С антикоммунистической точки зрения, революционные перемены на Востоке означают победоносное окончание объявленной в 1917 году большевиками всемирной гражданской войны: революция опять-таки обращается против собственных истоков. Выражение «всемирная гражданская война» переводит «международную классовую борьбу» с языка теории общества на язык гоббсианской теории власти. Карл Шмитт снабдил эту фигуру мысли историко-философским фоном: согласно Шмитту, то историко-философское мышление, которому свойствен утопический подрывной заряд универсалистской морали и которое в ходе Французской революции даже добилось господства, образует движущую силу для спровоцированной интеллектуальными элитами и в итоге выведенной в другие страны, спроецированной на международную арену гражданской войны.
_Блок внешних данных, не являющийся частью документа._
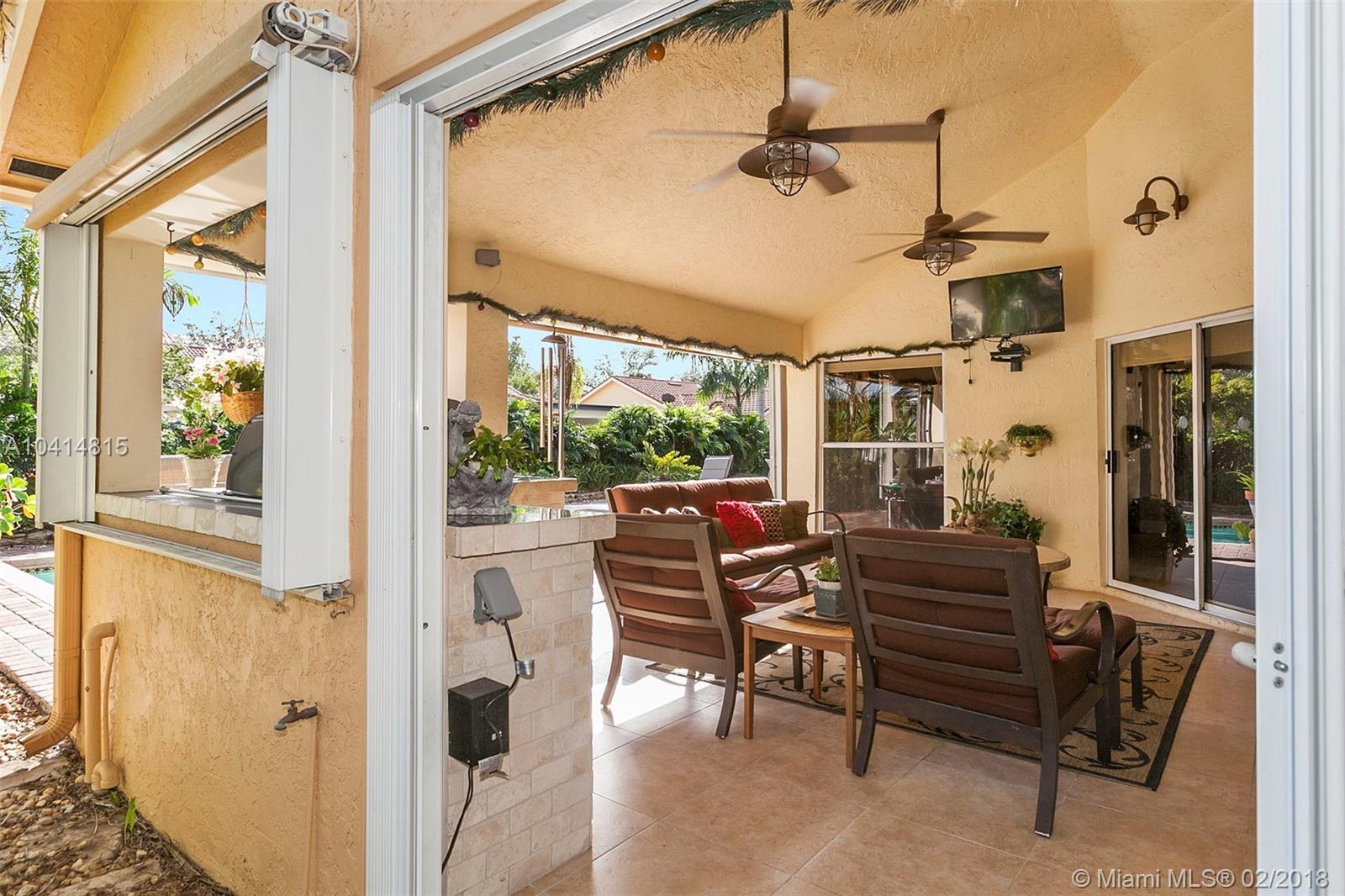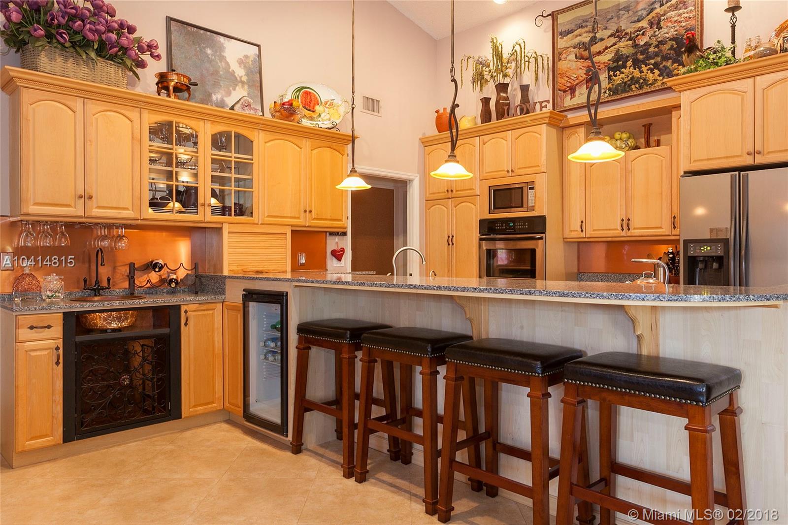 This stunning one story home offers 4 bedrooms plus den offers not only fine finishes but exceptional attention to detail! Breezy open aired outdoor covered lanai with Sunbrella awnings and summer kitchen overlooks heated pool, paver patio and lushly landscaped yard, perfect for entertaining or just relaxing! Chef's kitchen features stainless steel appliances, double oven, silestone countertops, copper backsplash and wine rack. Matte porcelain neutral tile is set on the diagonal in all living areas. Roof installed in 2009, AC in 2014 and pool pump/filter 2015. Front loader washer and dryer. Must be seen to be appreciated!

В годы конфликта, разразившегося между Востоком и Западом, этот подход лег в основу теории всемирной гражданской войны5. Задуманная с целью разоблачения ленинизма, эта мыслительная фигура остается неразрывно связанной с оригиналом, словно его зеркальное отражение. Но даже попадая в руки такому ученому историку, как Эрнст Нольте, провозглашающему теперь тезис об окончании всемирной гражданской войны («Frankfurter Allgemeine Zeitung» от 17 февраля 1990 года), исторический материал противится идеологическому подходу. Ибо стилизация партий всемирной гражданской войны с необходимостью способствует тому, что столь гетерогенная политика, как воплощаемая Муссолини и Гитлером, Черчиллем и Рузвельтом, Кеннеди и Рейганом, меряется одним и тем же антикоммунистическим аршином. Мыслительная фигура всемирной гражданской войны упрочивает лишь позаимствованное из горячей фазы холодной войны толкование ситуации, превращая его в структурное описание, окрашиваемое полемической интонацией и накрывающее целую эпоху.